■ TASK OBJECTIVE ■
In the records below, reproduce exactly the lines from the one containing "sexy girl with" through the one containing "2019년 신협중앙회 신입직원 채용 최종합격자 공고", both included, and omit the pictures.

■ DATASET EXTRACT ■
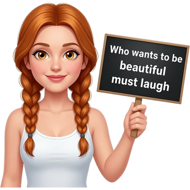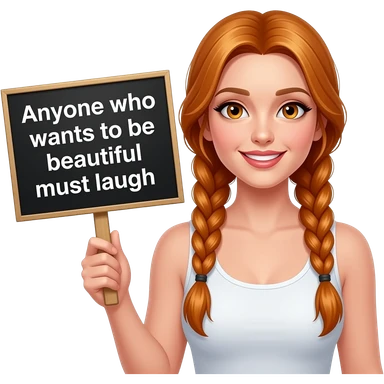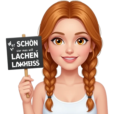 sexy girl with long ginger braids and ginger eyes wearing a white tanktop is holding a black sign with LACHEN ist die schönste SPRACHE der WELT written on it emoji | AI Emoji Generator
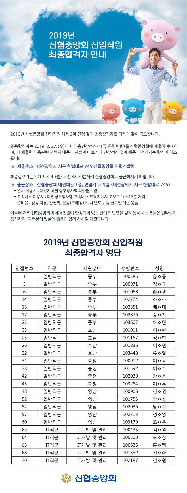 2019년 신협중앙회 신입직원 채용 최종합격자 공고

* * *

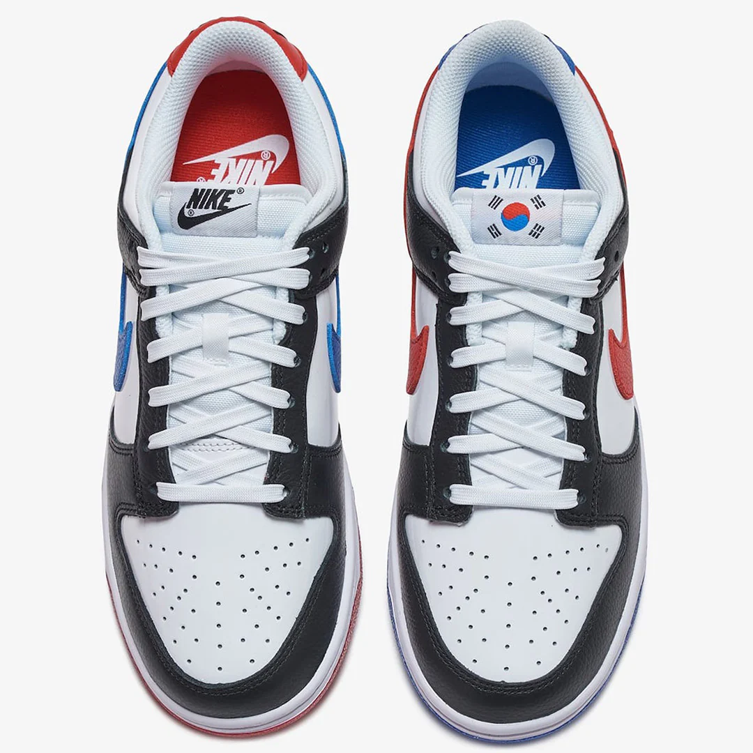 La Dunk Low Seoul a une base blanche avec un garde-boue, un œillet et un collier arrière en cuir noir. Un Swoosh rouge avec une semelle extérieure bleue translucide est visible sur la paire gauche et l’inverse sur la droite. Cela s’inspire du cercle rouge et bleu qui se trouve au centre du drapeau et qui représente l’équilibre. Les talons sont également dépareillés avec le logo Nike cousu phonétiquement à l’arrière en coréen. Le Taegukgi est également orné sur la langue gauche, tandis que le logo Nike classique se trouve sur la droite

==

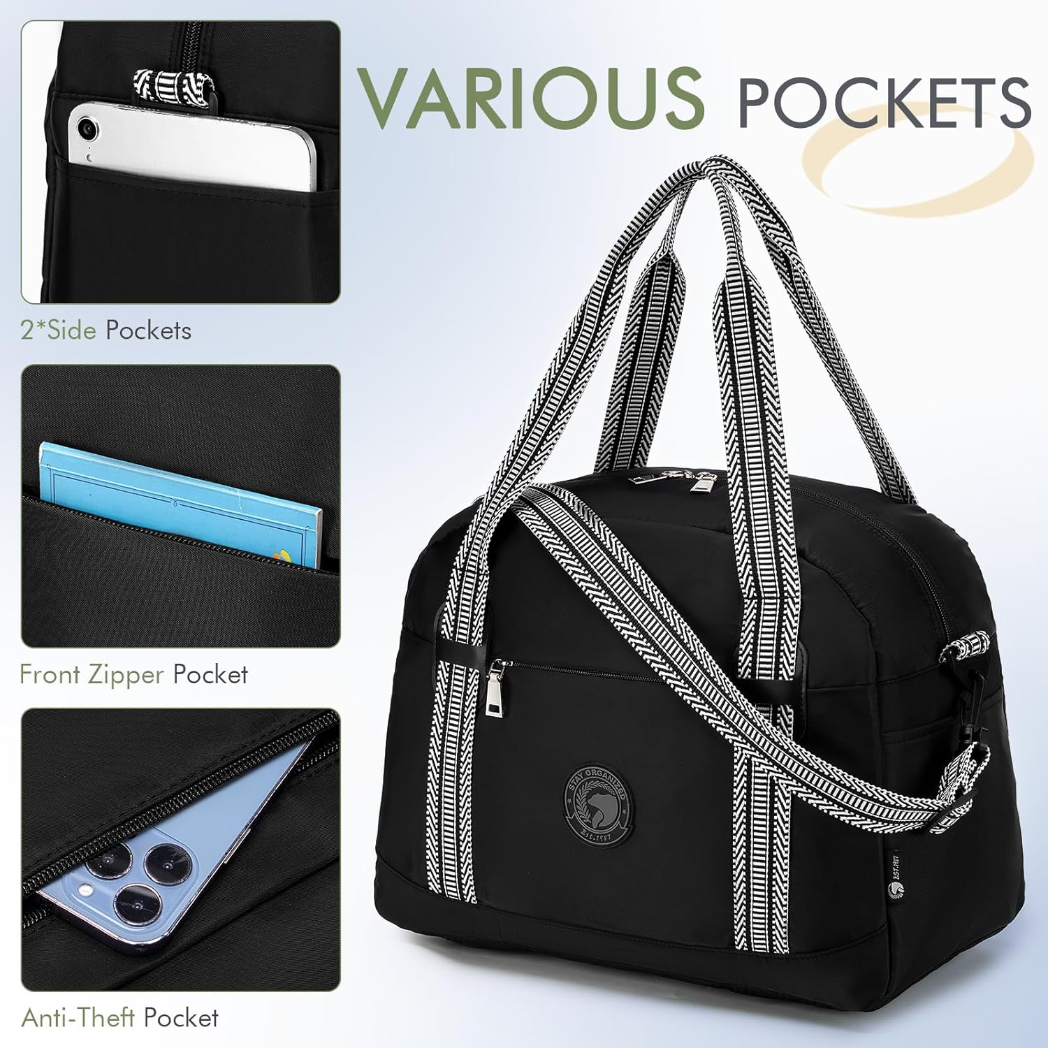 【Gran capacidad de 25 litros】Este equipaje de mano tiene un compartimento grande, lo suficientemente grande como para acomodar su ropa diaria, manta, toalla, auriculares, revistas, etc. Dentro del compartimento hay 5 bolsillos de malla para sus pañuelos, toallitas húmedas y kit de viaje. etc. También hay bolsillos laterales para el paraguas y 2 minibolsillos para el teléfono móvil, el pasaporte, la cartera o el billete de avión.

■ TASK ANSWER ■
 sexy girl with long ginger braids and ginger eyes wearing a white tanktop is holding a black sign with LACHEN ist die schönste SPRACHE der WELT written on it emoji | AI Emoji Generator
 2019년 신협중앙회 신입직원 채용 최종합격자 공고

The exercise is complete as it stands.